Regardless of the outcome, the heated arguments among voters standing in line signaled that the referendum over the contentious charter is unlikely to end Egypt’s worst political crisis since the revolution that ousted Hosni Mubarak nearly two years ago.
The voting capped a nearly two-year struggle over the post-Mubarak identity of Egypt, with the latest crisis over the charter evolving into a dispute over whether Egypt should move toward a religious state under President Mohammed Morsi’s Muslim Brotherhood and their ultraconservative Salafi allies, or one that retains secular traditions and an Islamic character.
Underlining the tension, some 120,000 army troops were deployed to help the police protect polling stations and state institutions after clashes between Morsi’s supporters and opponents over the past three weeks left at least 10 people dead and about 1,000 wounded. The large-scale deployment did not stop a mob of supporters of ultraconservative cleric Hazem Salah Abu-Ismail attacking the Cairo offices of the liberal Wafd party, a member of an opposition alliance that has campaigned against the draft constitution.
“Today I would like to offer my condolences to the Egyptian people on the collapse of the rule of law,” Wafd leader El-Sayyed el-Badawi said.
The opposition called for a “no” vote, while Morsi’s supporters said the constitution will help end the political instability that has roiled Egypt since the autocratic Mubarak was overthrown. Clerics, from the pulpits of mosques, have defended the constitution as a document that champions Islam.
The draft would empower Islamists to carry out the most widespread and strictest implementation of Islamic law that modern Egypt has seen. That authority rests on the three articles that explicitly mention Shariah, or Islamic law, as well as obscure legal language buried in a number of other articles that few noticed during the charter’s drafting but that Islamists insisted on including.
According to both supporters and opponents of the draft, the charter not only makes Muslim clerics the arbiters for many civil rights, it also could give a constitutional basis for citizens to set up Saudi-style “religious police” to monitor morals and enforce segregation of the sexes, imposition of Islamic dress codes and even harsh punishments for adultery and theft — regardless of what the laws on the books say.
For Islamists, the constitution is the keystone for their ambitions to bring Islamic rule, a goal they say is justified by their large victory in last winter’s parliamentary elections. Morsi rejected opposition demands that he cancel the referendum.
When voting day finally arrived, the anger and frustration of the past three weeks remained and scenes of voters hotly debating the cons and pros of the constitution or countering each other’s take on Morsi, the Brotherhood, the Salafis or reform leader Mohamed ElBaradei were common.
“Those who wrote the constitution are God-fearing men,” Mohammed Hassan el-Khatab, a bearded 52-year-old government employee, yelled as he stood in line outside a polling center in the Mediterranean port city of Alexandria.
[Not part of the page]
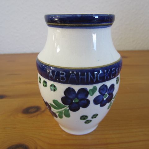 Det er den til venstre, som er til salg: Reklamekrukke for Bäncke sennep - intet stempel, men det var der ikke på disse reklamekrukker, Den har fået et låg, som ikke hører til, men som da ser fint ud til. Ingen skår.

“Those opposed to the constitution are just noisy, they have no popular base. Let the people decide,” said el-Khatab, whose support for the draft is typical in his low-income el-Siouf district, home to a mix of Christian, Muslim Brotherhood supporters and Salafis.
Girgis Bakheet, a 56-year-old Christian decorator, overheard el-Khatab and decided to weigh in on the debate with an instant dismissal of the notion that being God-fearing is a qualification for writing a constitution.
“This is a constitution that is stillborn. It doesn’t represent all people. Arguing that it observes God’s laws is a good thing, but only on the face of it. God has nothing to do with constitutions and elections,” he said.